Top Trump adviser is fighting claims he questioned Holocaust history

Schmitz has called the accusations defamatory, but reports of anti-Semitic tendencies at the top of the Trump team reinforce the narrative.

Joseph Schmitz (photo credit: SCOTT DAVIS / US ARMY)
Joseph Schmitz
(photo credit: SCOTT DAVIS / US ARMY)
WASHINGTON – One of five top foreign policy advisers to Republican presidential nominee Donald Trump is fighting allegations that he underplayed the extent of the Holocaust and sought to push Jewish employees out of the Pentagon during his tenure there.
Claims of anti-Semitic rhetoric and activity have been leveled against Joseph Schmitz, named to the Trump campaign in March, who when serving as Defense Department inspector general under the George W. Bush administration received formal complaints for counting his success in “firing the Jews” as a tenure achievement.
Schmitz also allegedly lectured an employee “on the details of concentration camps and how the ovens were too small to kill six million Jews,” wrote a complainant, Daniel Meyer, who once oversaw whistle-blower cases at the Pentagon. His complaint, originally obtained and published by the McClatchy Company, is before the executive branch’s quasi-judicial agency called the Merit Systems Protection Board.

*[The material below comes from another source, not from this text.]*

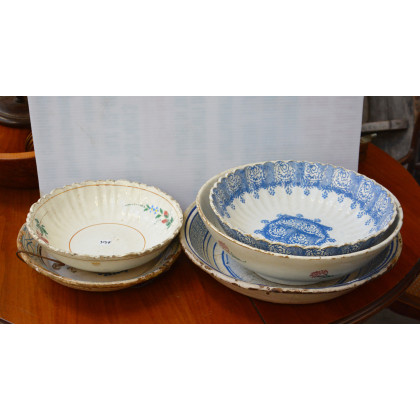 Lotto composto da cinque contenitori in terraglia dipinta di manifatture ed epoche differenti (d max cm 41) (difetti e mancanze)

Schmitz has called the accusations defamatory, but reports of anti-Semitic tendencies at the top of the Trump team reinforce a narrative that has dogged the candidate for months: That his campaign has tolerated anti-Semitic and otherwise bigoted rhetoric from an “alternative Right” strain of the Republican Party.

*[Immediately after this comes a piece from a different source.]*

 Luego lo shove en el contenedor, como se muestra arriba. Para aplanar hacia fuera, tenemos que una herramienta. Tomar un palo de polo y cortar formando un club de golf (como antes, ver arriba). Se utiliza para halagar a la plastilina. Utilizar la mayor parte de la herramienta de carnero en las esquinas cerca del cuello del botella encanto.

McClatchy reports the original allegations leveled against Trump have now been cited in another case, in which an orthodox Jewish employee this week accused the department of fostering an anti-Semitic environment ever since Schmitz’s time there.
“The anti-Semitic environment began under a prior inspector general, Mr. Joseph Schmitz,” the complaint letter reads.
Schmitz served at the Pentagon through several allegations from Senate Republicans of illegal interference regarding memos on the use of torture during the Bush administration. He resigned in 2005 to work at Blackwater Worldwide, a private military company then employed in Iraq.
“Allegations of anti-Semitism are serious and deserve serious investigation and response,” the Anti-Defamation League said in a statement on Thursday night in reaction to the McClatchy report. “Candidates must ensure and convey that their advisers have highest standards of integrity."